## What you are asked to do
Every line of the material below should be output exactly as written, with the images skipped.

## Provided material
________________

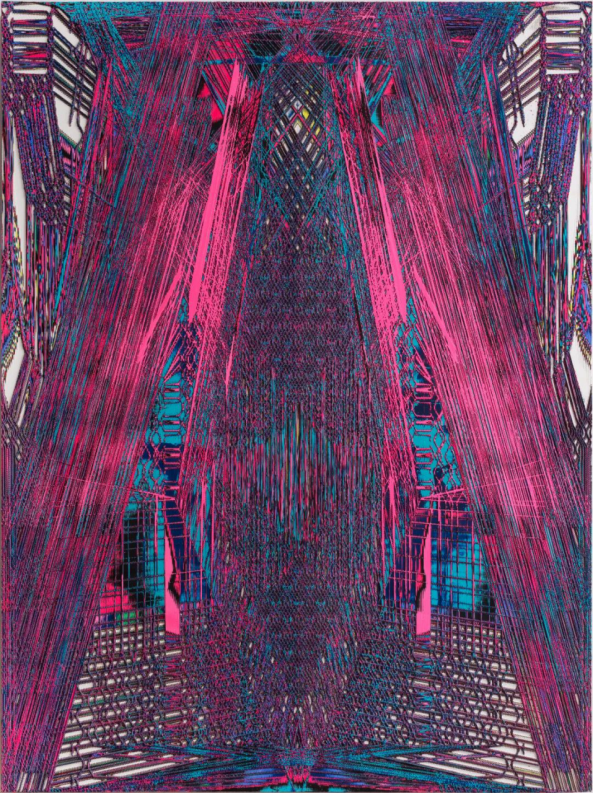艺术家欧劲是一位情感节制,外表冷静,内心自由激昂的艺术家。他的作品即谈不上是完全抽象,也没有明确的现实指向,因而产生一种疏离感和自我饱和感。在创作中,他从未对某些图像只稍作修改,而是在生产过程中截取“碎片”“信息”,并将感官和意义留给观众构建。他擅⻓使⽤机器在叠层的丙烯石膏平面上作画,并借助电脑程序的科幻之力,向视觉形式发出走向虚拟的指令,创造出恍如隔世的、缜密的画⾯。它们阐明了材料的被使用特性,同时也展现了一种“集体的美”和“综合的力量”。
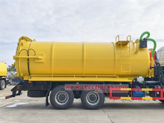 Africa clients purchased SHACMAN H3000 cesspit emptier truck mounted with Italy brand vacuum pump and been used for efficient sewage suction and transportation. SHACMAN H3000 series left hand drive 6x4 truck chassis and is equipped with WEICHAI euro 2 diesel engine WP10.340E22, engine power 340HP and emission 9726ml, matched working with FAST 10 shift manual gearbox, which provides powerful power and stable performance, ensuring excellent performance under various operating conditions. The Shacman H3000 vacuum tanker truck is equipped with a large-capacity vacuum tank with volume 18000Liters, based on Q355 material and thickness 6mm, two side cover thickness 8mm. Italy MORO brand water cycle model PM110W vacuum pump with efficiently flow rate 16400Liters per minute, equal to 273L/s, marched working with 10m DN100 pipeline hose, which can quickly and effectively absorb all kinds of sewage and debris, significantly improving suction efficiency. At the same time, the durability and reliability of the vehicle have also been carefully designed and rigorously tested to ensure that it can maintain efficient operation under heavy working conditions.
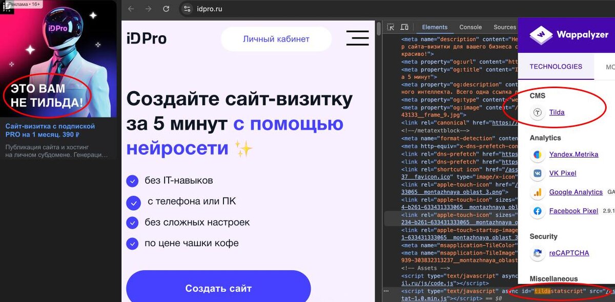 Это вам не Тильда, это TILDA! Попалась мне реклама, с ярким заголовком “Это вам не Тильда”. На самом сайте предлагают сервис для создания сайта через Нейросеть. Смешно, что сам промо-сайт сделан на Тильде, а не на их чудо конструкторе… Проверяйте, что внутри обертки :) Переходи в мой телеграм-канал, там меньше цензуры :)

________________

## Answer section
艺术家欧劲是一位情感节制,外表冷静,内心自由激昂的艺术家。他的作品即谈不上是完全抽象,也没有明确的现实指向,因而产生一种疏离感和自我饱和感。在创作中,他从未对某些图像只稍作修改,而是在生产过程中截取“碎片”“信息”,并将感官和意义留给观众构建。他擅⻓使⽤机器在叠层的丙烯石膏平面上作画,并借助电脑程序的科幻之力,向视觉形式发出走向虚拟的指令,创造出恍如隔世的、缜密的画⾯。它们阐明了材料的被使用特性,同时也展现了一种“集体的美”和“综合的力量”。
 Africa clients purchased SHACMAN H3000 cesspit emptier truck mounted with Italy brand vacuum pump and been used for efficient sewage suction and transportation. SHACMAN H3000 series left hand drive 6x4 truck chassis and is equipped with WEICHAI euro 2 diesel engine WP10.340E22, engine power 340HP and emission 9726ml, matched working with FAST 10 shift manual gearbox, which provides powerful power and stable performance, ensuring excellent performance under various operating conditions. The Shacman H3000 vacuum tanker truck is equipped with a large-capacity vacuum tank with volume 18000Liters, based on Q355 material and thickness 6mm, two side cover thickness 8mm. Italy MORO brand water cycle model PM110W vacuum pump with efficiently flow rate 16400Liters per minute, equal to 273L/s, marched working with 10m DN100 pipeline hose, which can quickly and effectively absorb all kinds of sewage and debris, significantly improving suction efficiency. At the same time, the durability and reliability of the vehicle have also been carefully designed and rigorously tested to ensure that it can maintain efficient operation under heavy working conditions.
 Это вам не Тильда, это TILDA! Попалась мне реклама, с ярким заголовком “Это вам не Тильда”. На самом сайте предлагают сервис для создания сайта через Нейросеть. Смешно, что сам промо-сайт сделан на Тильде, а не на их чудо конструкторе… Проверяйте, что внутри обертки :) Переходи в мой телеграм-канал, там меньше цензуры :)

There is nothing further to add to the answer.